While in Japan, he witnessed the devastating aftermath of the atomic blast at Nagasaki.

“Everyone had tears. We had just came from jungle fighting and here we are crying,” he said.

“The whole town, 100,000 men, women and babies, all gone. A couple big buildings standing there. The rest was flat. Whoever come up with a device like that, people should shoot them. People have no concept. Oh, God.”

Unlike many, who argue dropping the bomb prevented countless American deaths and brought an early end to the war, he sees it differently.

“When you pick on babies, that’s going too far. To me, that’s a no-no,” he said.

Following the war Frazier lived briefly in Boston and Norfolk, Va., before settling in the Germantown section of Philadelphia. In the 1960s, he moved to Hatboro. He worked for a moving company for about 50 years until his retirement.

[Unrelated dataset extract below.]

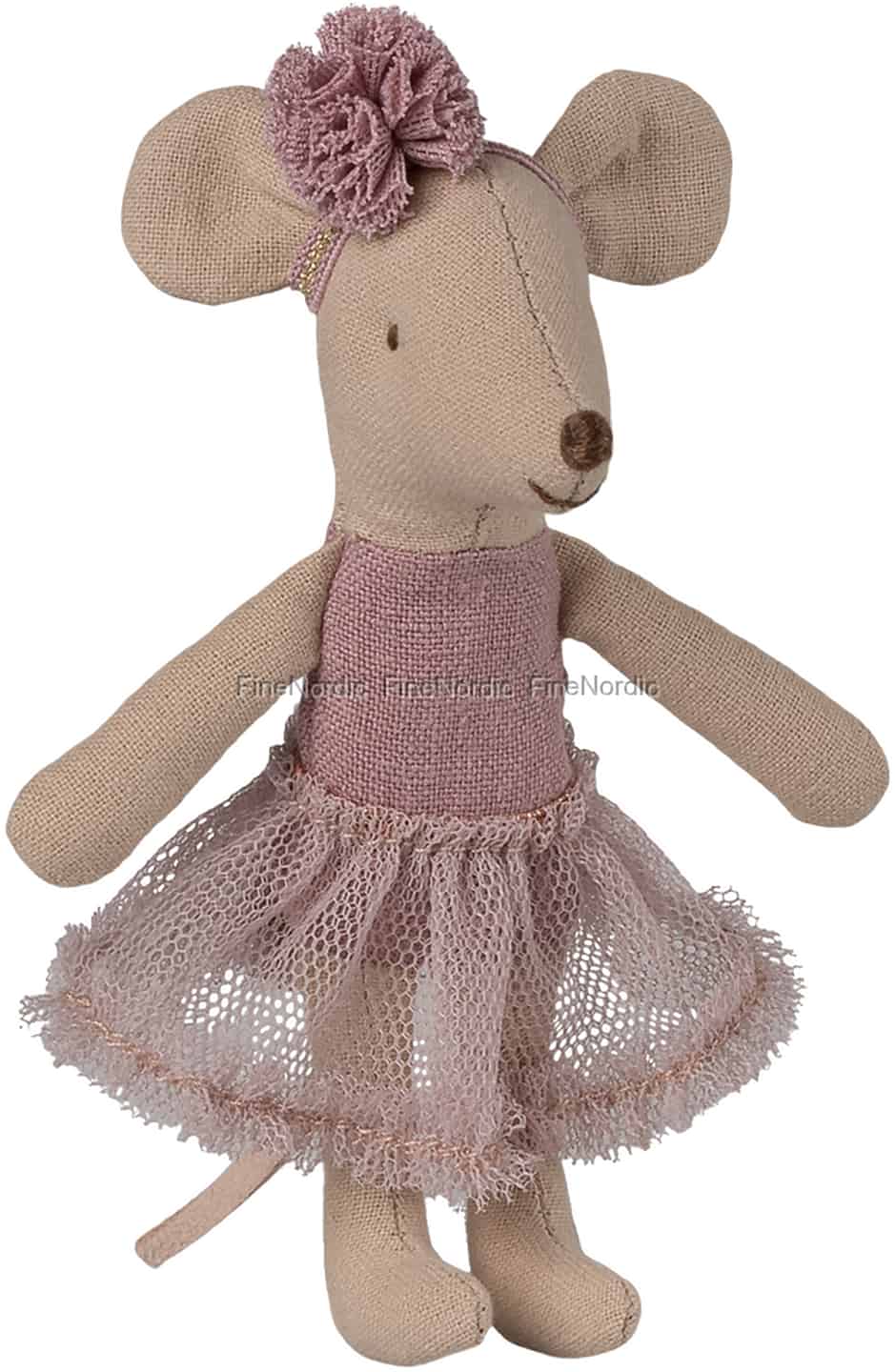 Als Teil der geliebten Maileg-Familie bringt diese Kleine Schwester Maus die Magie des klassischen skandinavischen Designs mit sich. Sie ist geschaffen, um zum Geschichtenerzählen anzuregen und die Art von fantasievollem Spiel zu fördern, das bleibende Erinnerungen schafft. Ob sie nun im Puppenhaus an der Ballettstange übt oder nach einer großen Vorstellung ins Bett gebracht wird, sie ist eine sanfte Einladung in eine Welt voller Wunder und Freundschaft.
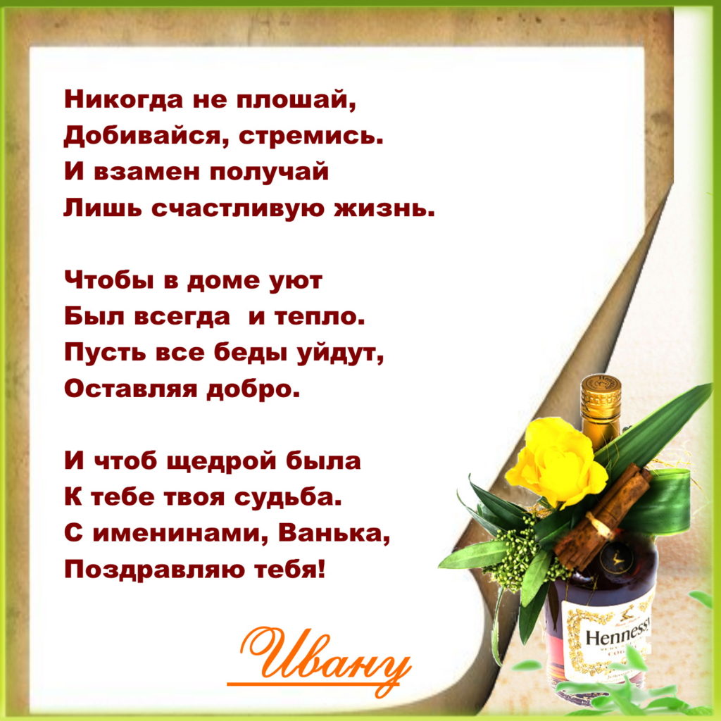 Именины Ивана - Поздравься Никогда не плошай, Добивайся, стремись. И взамен получай Лишь счастливую жизнь. Чтобы в доме уют Был всегда и тепло. Пусть все беды уйдут, Оставляя добро. И чтоб щедрой была К тебе твоя судьба, С именинами, Ванька, Поздравляю тебя!

For years after the war, he never talked about his time at Pearl or in the service
“Nobody had any idea,” he said. That changed one day when his granddaughter ran into a group of Pearl Harbor survivors at an event in Philadelphia. Soon after, he joined the Pearl Harbor Survivors.

He is often invited to speak to school groups about his experiences and was recently among 20 veterans to participate in a program at Council Rock High School South.